The Museum of Cider, formerly the Cider Museum, is a museum in Hereford, England, about the history of cider. The museum was set up as a Trust in the 1970s by Bertram Bulmer, Norman Weston and the Director of Long Ashton Research Station, John Hudson. They realised that unless a collection was started, then much of the story of cider making would be lost. Initially, the aim was to represent the international history of cider-making, but the majority of the collections have been drawn from England and the West Country.

The museum is housed in a former cider-making factory at Pomona Place in Hereford, which dates back to 1888. This was the birthplace of Bulmer's Cider. Henry Percival Bulmer started making cider in 1887 and was joined by his brother Fred from Cambridge. A year later they purchased a plot of ground on the outskirts of Hereford to build a 'shack' to make and store cider. Extensive cellars were later excavated in 1889 and the building was extended to incorporate both the factory and offices, with a grand new frontage added in the 1920s.

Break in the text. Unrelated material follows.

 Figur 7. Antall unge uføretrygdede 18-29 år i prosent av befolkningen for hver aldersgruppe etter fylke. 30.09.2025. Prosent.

The museum is operated by the Hereford Cider Museum Trust, a registered charity.

==Opening of the museum==
In the 1970s, the Trust undertook research into cider history, making a start on building up both the Archive of Cider Pomology and the photographs and artefacts in the collection. It undertook oral histories and did a survey of all cider mills in Herefordshire whilst searching for suitable premises. A 'pop-up' museum was created in a shop next to the Butter Market in Hereford to display the collections so far. It was finally agreed to rent the old Bulmer offices in 1978. The building was later acquired by the Hereford Cider Museum Trust. After extensive renovation work the Museum opened in 1981 portraying the history of cider making worldwide.

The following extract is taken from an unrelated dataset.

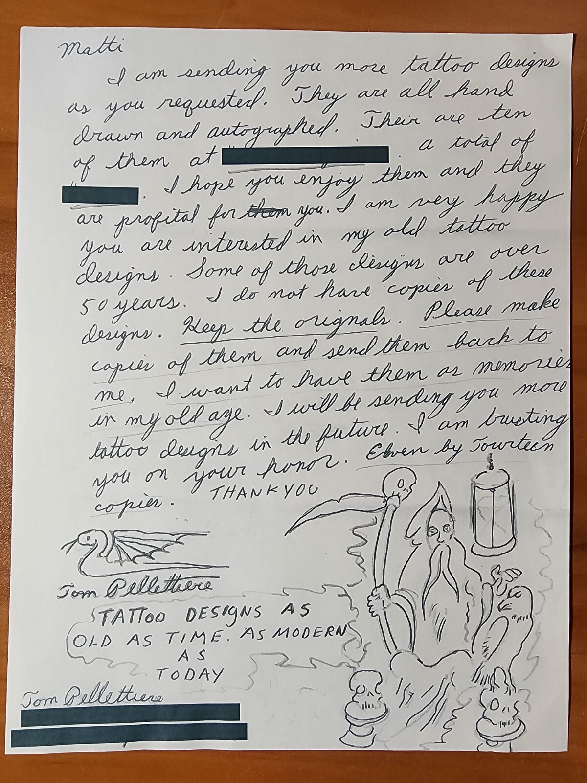 1960's Original Tom Pellettiere Zeis Vintage Tattoo Flash Sheet Hand Drawn

The front aspect which visitors see when they arrive from Pomona Place is actually the rear of the original building. To make a better entrance, the Beam Press Gallery was added in the 1980s and was built from bricks and timber from the old Godwins Cider Factory in Hereford. Presses from the factory are on display in the cellars.

The original exhibition design idea started with the orchard area, then followed through the process with the farmhouse mill display, finally covering the history and science of cider making from the 16th century onwards. The 19th century company Boardroom and the Champagne Cider Cellars show how cider making went from being a cottage industry to a major industrial process.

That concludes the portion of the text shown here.